Ng, 38, author of the bestselling novel “Little Fires Everywhere,” sat down with “Good Morning America” Weekend Anchor Eva Pilgrim in honor of Asian Pacific American Heritage Month to talk about the unique perspective being Asian American gives her as a writer, and the challenges that come with it.
“When I was growing up, there were not a ton of Asian American writers, but there are more now,” said Ng.
Her father, a NASA physicist, and her mother, a research chemist, emigrated from Hong Kong in 1968 and settled in Shaker Heights, Ohio, the setting of “Little Fires Everywhere.”
Ng said she’s grateful that her parents gave her the space to go into writing, even though they knew it was a risk.

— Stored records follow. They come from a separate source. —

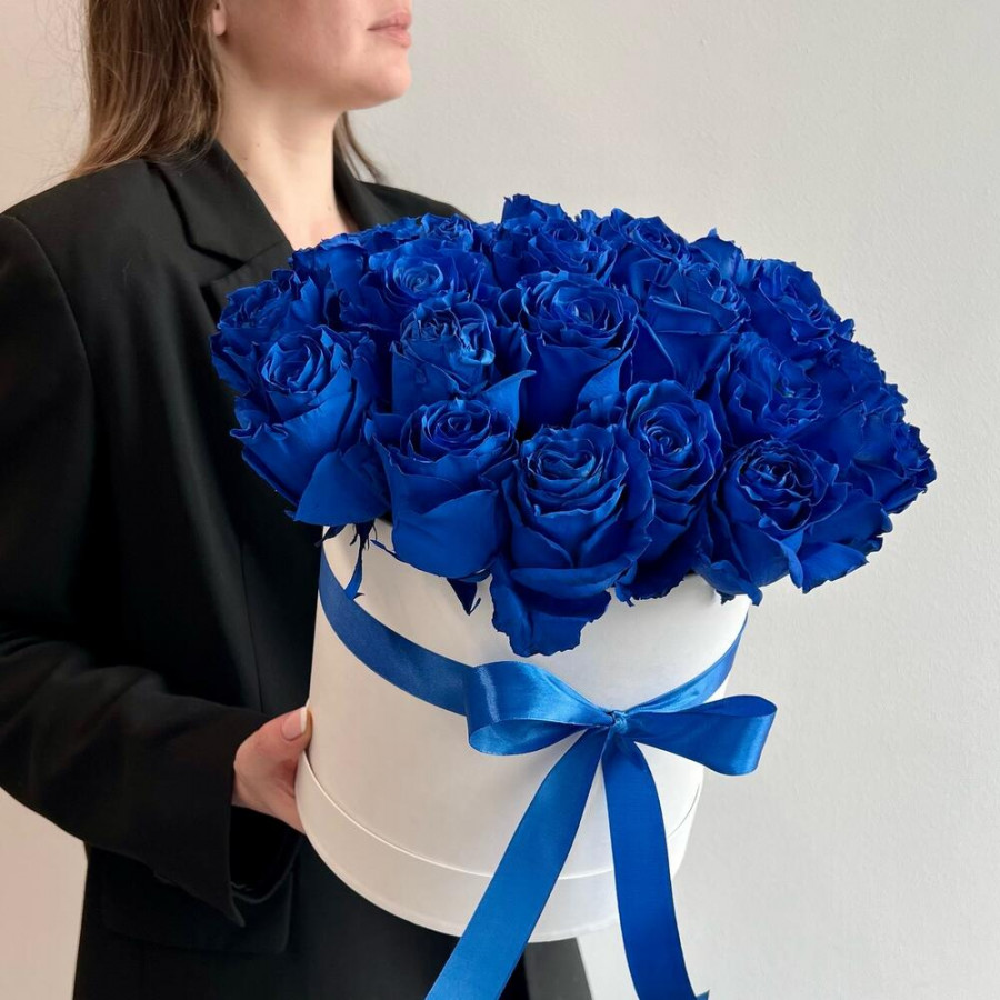 На фото 25 синих роз в коробке. В составе: роза (синяя) 25 шт, оазис флористический 2 шт, коробка (m) 1 шт, атласная лента 1 шт, . Все цветы свежие и ароматные, букет красиво оформлен и отлично подходит для подарка. Доступна доставка цветов или самовывоз.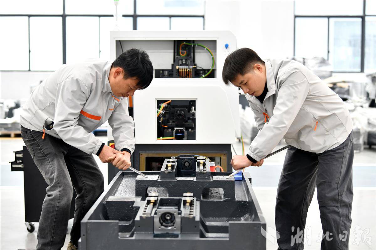 12月3日,在通城县经济开发区湖北中聪智能装备有限公司数控机床组装车间,技术人员正在装备高端数控机床。总投资5.18亿元的湖北中聪智能装备有限公司高端数控机床项目一期,近日在通城正式投产。通城县政府优化营商环境,致力于当好服务企业的“店小二”,从昔日荒山到如今现代化标准厂房拔地而起,该项目仅用180天便完成落地投产,刷新了项目建设的“通城速度”,实现了高端数控机床的“进口替代”能力在通城生根发芽,更将强力带动本地高端智能装备整体升级转型,引领制造业向高质量发展迈进。(视界网 刘建平 摄)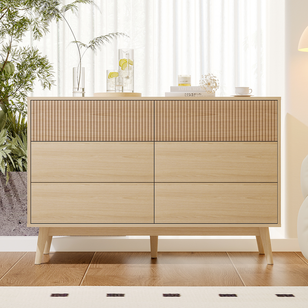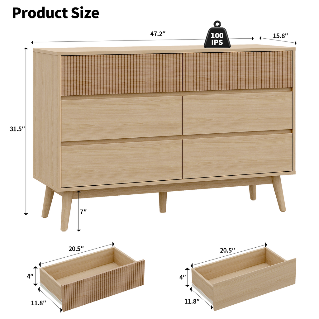 RichYa Fluted 6-Drawer Dresser for Bedroom, Chest of Drawers with Handle Free Design for Living Room,Natural Oak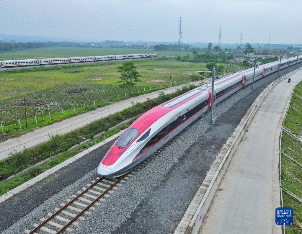 在印度尼西亚西爪哇省万隆市,一列高铁动车组正在雅万高铁试验段进行热滑试验(2022年11月9日摄,无人机照片)。新华社发(李培养摄)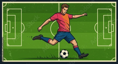 Fototapeta premium Dynamic Soccer Illustration of Player Kicking Ball on Vibrant Green Field -...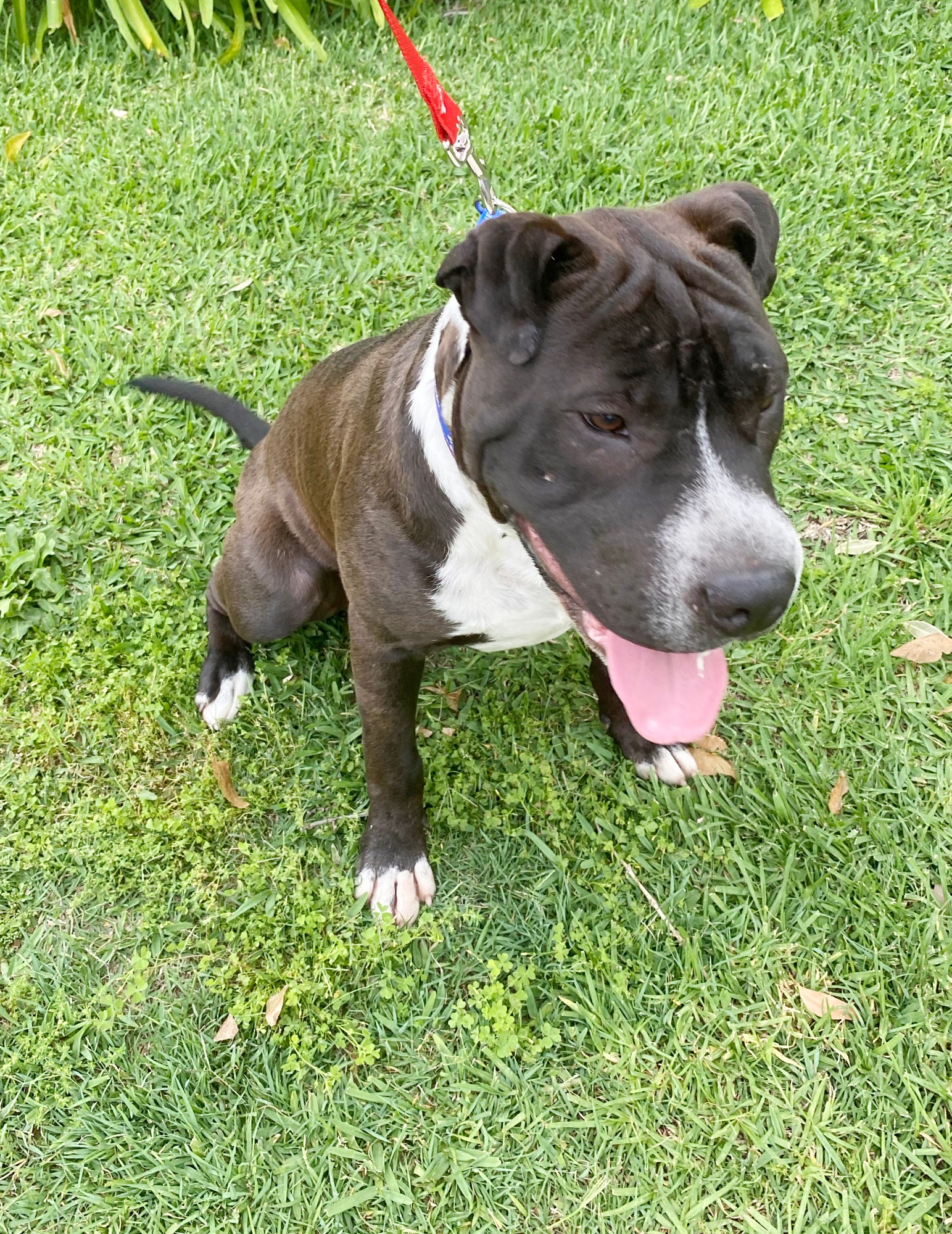 Cuddles is a sweet-as-pie male 6month old Shar Pei x Staffy with so much love to give his humans. His cute face shows some little scars of the hard life and situation he's been rescued from, but you can tell he's grateful with every tail wag... and there's plenty!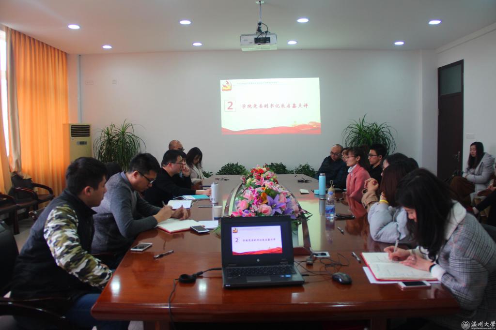 会上各学生党支部和“星火·薪传”党员志愿服务中心代表分别就2017年度党建活动开展情况和下阶段党建工作规划进行简要汇报。学院党委副书记朱启鑫强调了党建工作的重要性,在对各党支部和党员服务中心过去一年表现作出高度评价的同时,针对存在的问题提出以下四点要求:一是深化服务意识,坚持理论与实践相结合;二是提高服务能力,结合自身特色开展活动;三是扩大服务范围,开展活动要“走出去”;四是加强党支部与党员志愿服务中心的合作,提高融合度和参与度。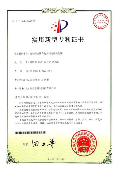 "疏水締合聚合物多級連續(xù)熟化罐"--實用新型專利證書

“They allowed me to go into the arts,” said Ng. “I was able to imagine myself doing different things and now it means a lot to me when young Asian writers tell me, ‘I didn’t know it was OK to do this.’”
She now lives in Cambridge, Massachusetts, with her husband and eight-year-old son.
“My husband is a tall white dude. We’ve always gotten along, but the way we expect the world to work is very different,” Ng said. "He thinks the world will give him the benefit of the doubt."
She went on to talk about the different backgrounds and privileges people carry with them, and how it informs the way they interact with the world. For Ng, fiction is a way to explore the “biases you live life with and don’t realize you have.”
“I don’t think fiction is a place to get answers, but hopefully what it does is ask questions,” she said.
“Little Fires Everywhere” has been on the New York Times bestseller list for 48 weeks. It is being made into a Hulu series, starring Reese Witherspoon and Kerry Washington.